→ **EXERCISE INSTRUCTIONS**: Every entry is to be transcribed as it stands. Images stay out.

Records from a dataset

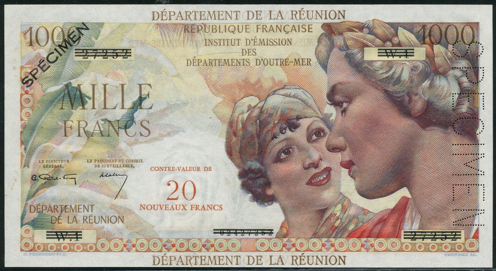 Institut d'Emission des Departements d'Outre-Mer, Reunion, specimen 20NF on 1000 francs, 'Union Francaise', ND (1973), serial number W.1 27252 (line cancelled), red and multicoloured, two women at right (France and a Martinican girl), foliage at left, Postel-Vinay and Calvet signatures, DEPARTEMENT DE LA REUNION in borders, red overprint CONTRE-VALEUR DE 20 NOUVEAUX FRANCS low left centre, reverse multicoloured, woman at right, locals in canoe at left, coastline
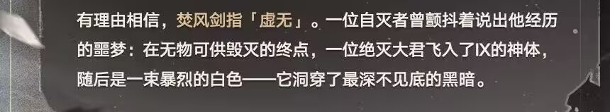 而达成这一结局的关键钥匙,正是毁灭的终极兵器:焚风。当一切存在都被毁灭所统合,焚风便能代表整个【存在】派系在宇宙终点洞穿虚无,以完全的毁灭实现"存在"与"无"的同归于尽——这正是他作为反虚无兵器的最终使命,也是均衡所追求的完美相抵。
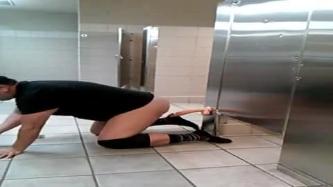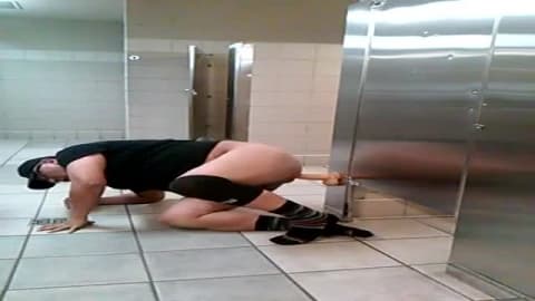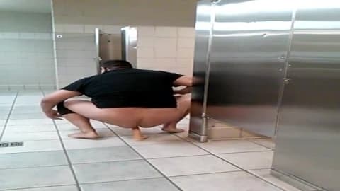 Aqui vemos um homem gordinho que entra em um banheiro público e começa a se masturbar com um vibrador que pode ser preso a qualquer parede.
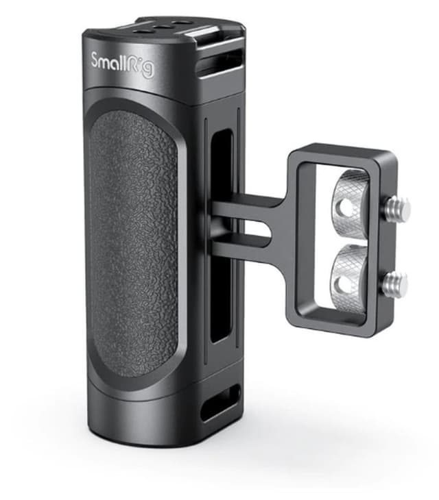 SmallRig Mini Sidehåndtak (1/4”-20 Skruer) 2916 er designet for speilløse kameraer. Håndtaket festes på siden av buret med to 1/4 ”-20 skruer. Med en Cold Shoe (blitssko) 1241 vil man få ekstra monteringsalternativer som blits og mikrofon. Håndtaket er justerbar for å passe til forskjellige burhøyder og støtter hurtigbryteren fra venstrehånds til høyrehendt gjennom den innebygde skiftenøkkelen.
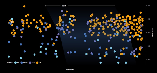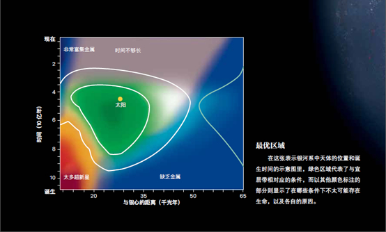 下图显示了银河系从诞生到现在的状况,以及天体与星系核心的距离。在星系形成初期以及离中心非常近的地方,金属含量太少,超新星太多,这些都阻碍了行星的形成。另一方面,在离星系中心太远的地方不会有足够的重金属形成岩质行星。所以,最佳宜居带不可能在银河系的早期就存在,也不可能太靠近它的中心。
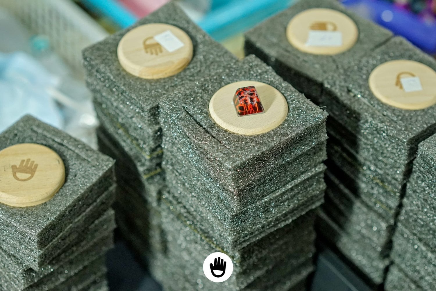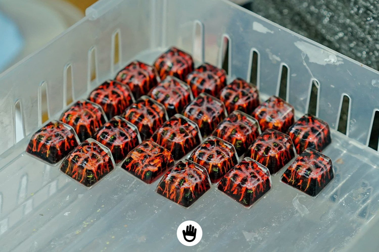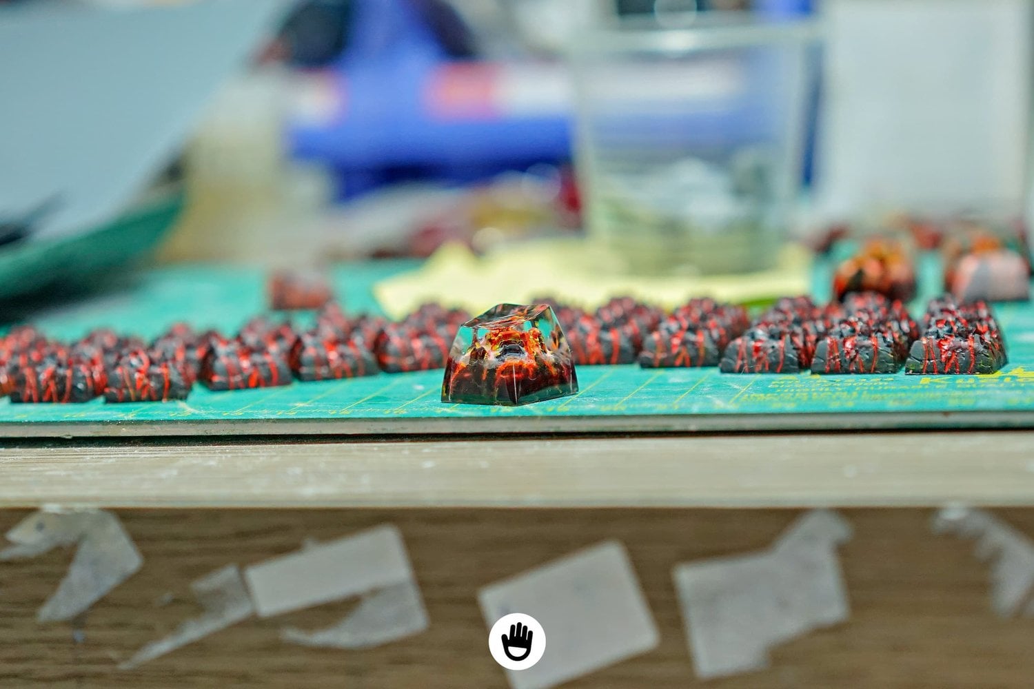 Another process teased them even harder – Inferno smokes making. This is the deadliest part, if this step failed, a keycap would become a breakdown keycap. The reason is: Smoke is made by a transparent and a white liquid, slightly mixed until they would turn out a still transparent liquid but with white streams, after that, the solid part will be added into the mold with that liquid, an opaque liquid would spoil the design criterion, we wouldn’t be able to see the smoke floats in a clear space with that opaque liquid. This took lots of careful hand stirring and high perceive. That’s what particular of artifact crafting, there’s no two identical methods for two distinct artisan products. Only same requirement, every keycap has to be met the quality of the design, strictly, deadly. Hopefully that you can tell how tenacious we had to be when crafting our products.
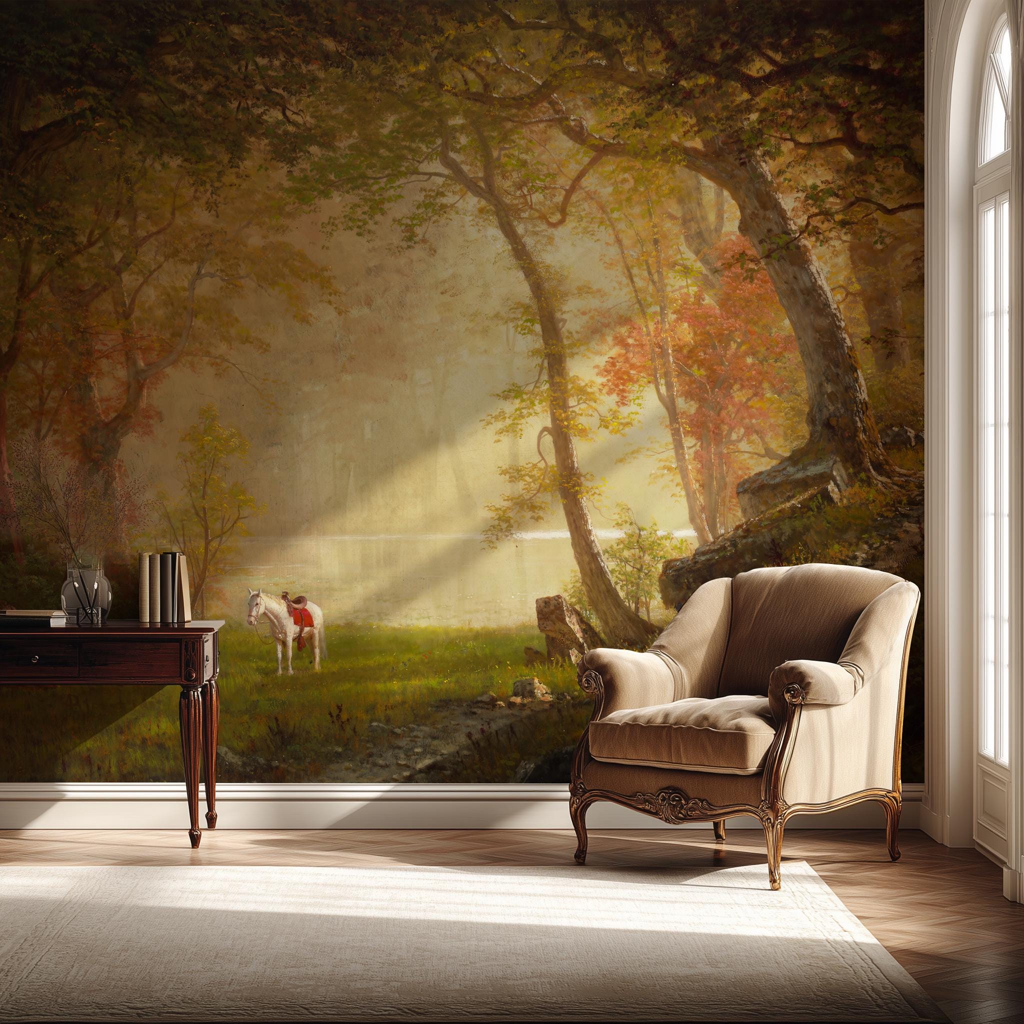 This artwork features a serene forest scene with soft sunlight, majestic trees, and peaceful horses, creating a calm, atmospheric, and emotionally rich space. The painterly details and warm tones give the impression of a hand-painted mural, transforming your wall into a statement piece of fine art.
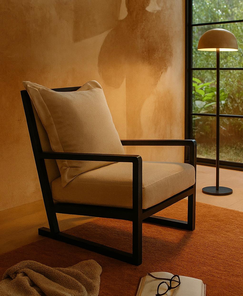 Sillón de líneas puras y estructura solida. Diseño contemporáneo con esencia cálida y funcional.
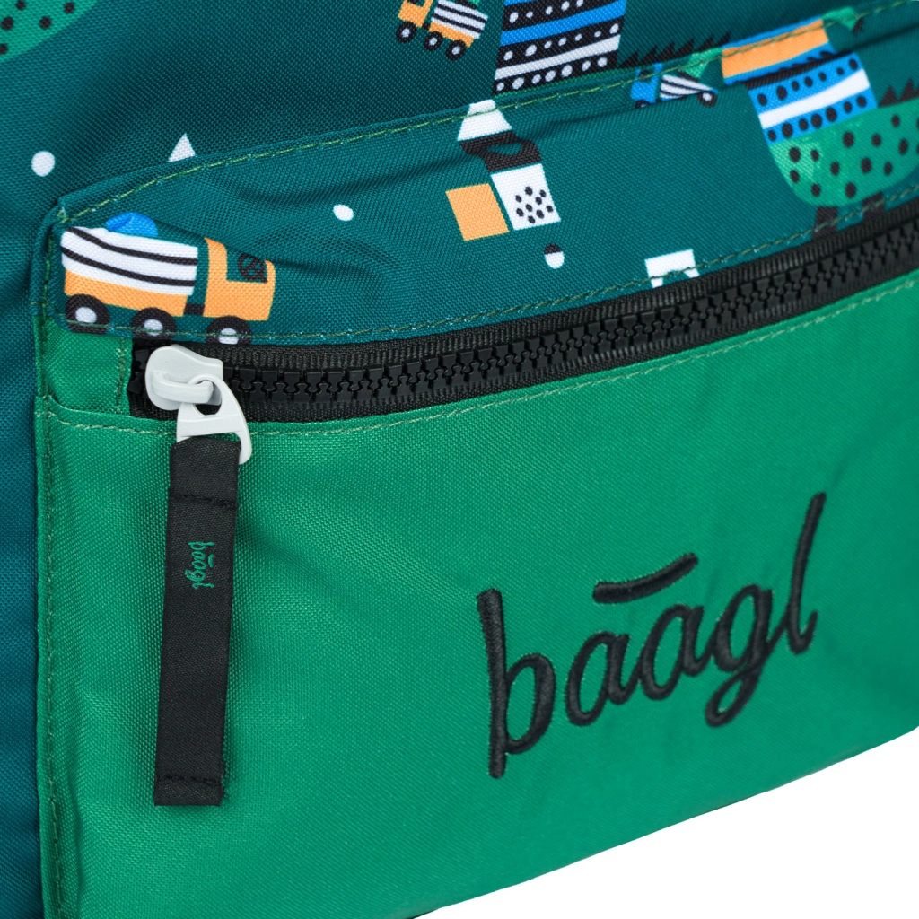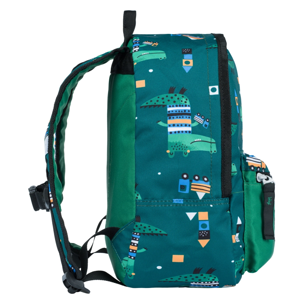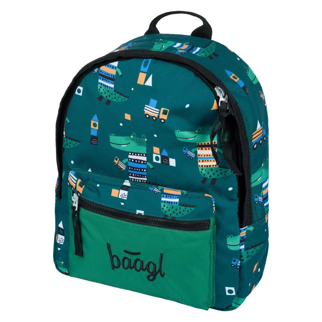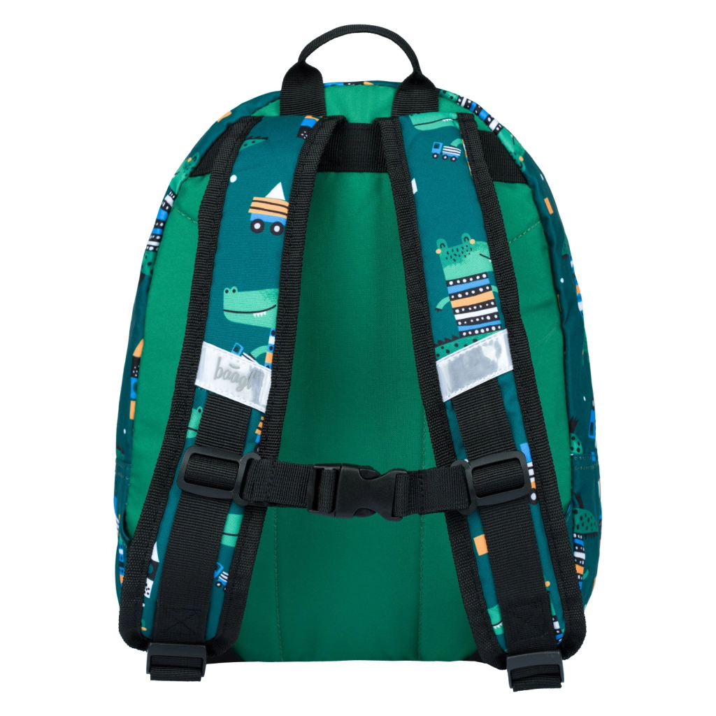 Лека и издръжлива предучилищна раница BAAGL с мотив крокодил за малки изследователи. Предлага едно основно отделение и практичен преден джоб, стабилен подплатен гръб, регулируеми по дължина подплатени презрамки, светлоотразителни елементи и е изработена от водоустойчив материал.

→ **COMPLETED TASK**:
 Institut d'Emission des Departements d'Outre-Mer, Reunion, specimen 20NF on 1000 francs, 'Union Francaise', ND (1973), serial number W.1 27252 (line cancelled), red and multicoloured, two women at right (France and a Martinican girl), foliage at left, Postel-Vinay and Calvet signatures, DEPARTEMENT DE LA REUNION in borders, red overprint CONTRE-VALEUR DE 20 NOUVEAUX FRANCS low left centre, reverse multicoloured, woman at right, locals in canoe at left, coastline
 而达成这一结局的关键钥匙,正是毁灭的终极兵器:焚风。当一切存在都被毁灭所统合,焚风便能代表整个【存在】派系在宇宙终点洞穿虚无,以完全的毁灭实现"存在"与"无"的同归于尽——这正是他作为反虚无兵器的最终使命,也是均衡所追求的完美相抵。
 Aqui vemos um homem gordinho que entra em um banheiro público e começa a se masturbar com um vibrador que pode ser preso a qualquer parede.
 SmallRig Mini Sidehåndtak (1/4”-20 Skruer) 2916 er designet for speilløse kameraer. Håndtaket festes på siden av buret med to 1/4 ”-20 skruer. Med en Cold Shoe (blitssko) 1241 vil man få ekstra monteringsalternativer som blits og mikrofon. Håndtaket er justerbar for å passe til forskjellige burhøyder og støtter hurtigbryteren fra venstrehånds til høyrehendt gjennom den innebygde skiftenøkkelen.
 下图显示了银河系从诞生到现在的状况,以及天体与星系核心的距离。在星系形成初期以及离中心非常近的地方,金属含量太少,超新星太多,这些都阻碍了行星的形成。另一方面,在离星系中心太远的地方不会有足够的重金属形成岩质行星。所以,最佳宜居带不可能在银河系的早期就存在,也不可能太靠近它的中心。
 Another process teased them even harder – Inferno smokes making. This is the deadliest part, if this step failed, a keycap would become a breakdown keycap. The reason is: Smoke is made by a transparent and a white liquid, slightly mixed until they would turn out a still transparent liquid but with white streams, after that, the solid part will be added into the mold with that liquid, an opaque liquid would spoil the design criterion, we wouldn’t be able to see the smoke floats in a clear space with that opaque liquid. This took lots of careful hand stirring and high perceive. That’s what particular of artifact crafting, there’s no two identical methods for two distinct artisan products. Only same requirement, every keycap has to be met the quality of the design, strictly, deadly. Hopefully that you can tell how tenacious we had to be when crafting our products.
 This artwork features a serene forest scene with soft sunlight, majestic trees, and peaceful horses, creating a calm, atmospheric, and emotionally rich space. The painterly details and warm tones give the impression of a hand-painted mural, transforming your wall into a statement piece of fine art.
 Sillón de líneas puras y estructura solida. Diseño contemporáneo con esencia cálida y funcional.
 Лека и издръжлива предучилищна раница BAAGL с мотив крокодил за малки изследователи. Предлага едно основно отделение и практичен преден джоб, стабилен подплатен гръб, регулируеми по дължина подплатени презрамки, светлоотразителни елементи и е изработена от водоустойчив материал.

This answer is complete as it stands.